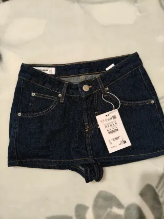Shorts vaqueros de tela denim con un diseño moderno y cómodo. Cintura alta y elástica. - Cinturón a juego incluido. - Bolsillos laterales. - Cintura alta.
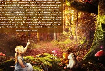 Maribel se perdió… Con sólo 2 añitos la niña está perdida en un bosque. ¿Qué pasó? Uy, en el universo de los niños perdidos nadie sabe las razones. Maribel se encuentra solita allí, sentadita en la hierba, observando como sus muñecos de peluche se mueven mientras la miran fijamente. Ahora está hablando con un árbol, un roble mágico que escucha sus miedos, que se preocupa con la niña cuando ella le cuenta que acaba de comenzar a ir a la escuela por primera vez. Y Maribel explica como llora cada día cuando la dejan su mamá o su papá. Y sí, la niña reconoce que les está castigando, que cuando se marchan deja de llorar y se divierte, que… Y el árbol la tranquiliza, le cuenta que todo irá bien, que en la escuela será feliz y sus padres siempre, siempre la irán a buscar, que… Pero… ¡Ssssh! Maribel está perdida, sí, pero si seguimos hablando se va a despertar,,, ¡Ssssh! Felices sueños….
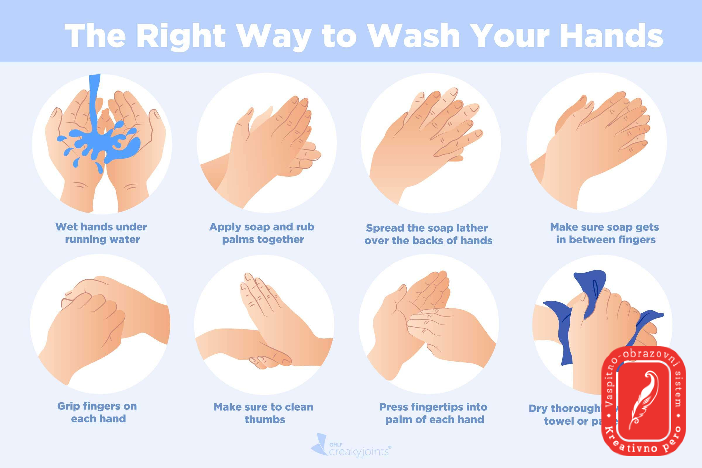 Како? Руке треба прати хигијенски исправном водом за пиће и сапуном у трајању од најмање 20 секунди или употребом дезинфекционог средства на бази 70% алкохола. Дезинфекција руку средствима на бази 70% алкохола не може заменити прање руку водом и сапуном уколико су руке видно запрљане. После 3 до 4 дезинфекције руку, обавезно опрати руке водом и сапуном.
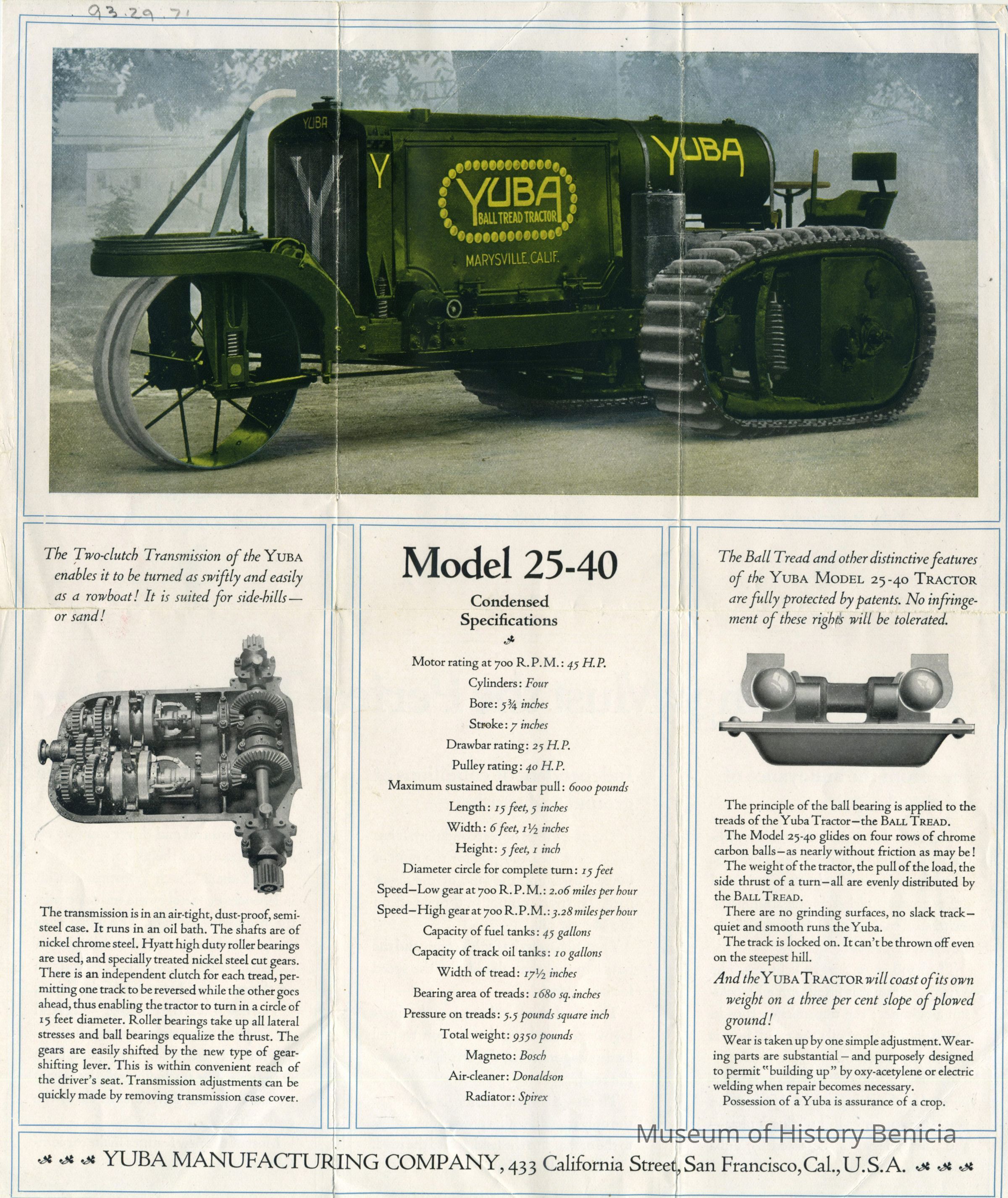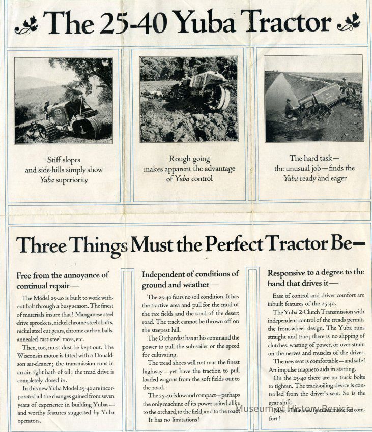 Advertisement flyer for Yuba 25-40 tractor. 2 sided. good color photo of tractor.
+ + +
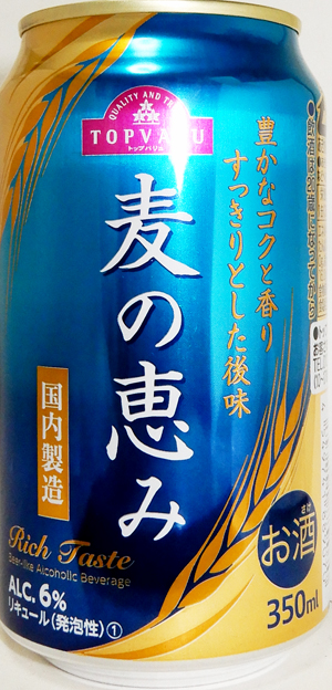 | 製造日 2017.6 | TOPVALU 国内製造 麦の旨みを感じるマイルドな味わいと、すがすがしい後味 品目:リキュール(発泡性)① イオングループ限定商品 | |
+ + +
Task: What to print is the stretch of entries from the line with "Како? Руке треба" up to and including the line with "Advertisement flyer for". Please print it exactly and leave out the pictures.

Written response:
 Како? Руке треба прати хигијенски исправном водом за пиће и сапуном у трајању од најмање 20 секунди или употребом дезинфекционог средства на бази 70% алкохола. Дезинфекција руку средствима на бази 70% алкохола не може заменити прање руку водом и сапуном уколико су руке видно запрљане. После 3 до 4 дезинфекције руку, обавезно опрати руке водом и сапуном.
 Advertisement flyer for Yuba 25-40 tractor. 2 sided. good color photo of tractor.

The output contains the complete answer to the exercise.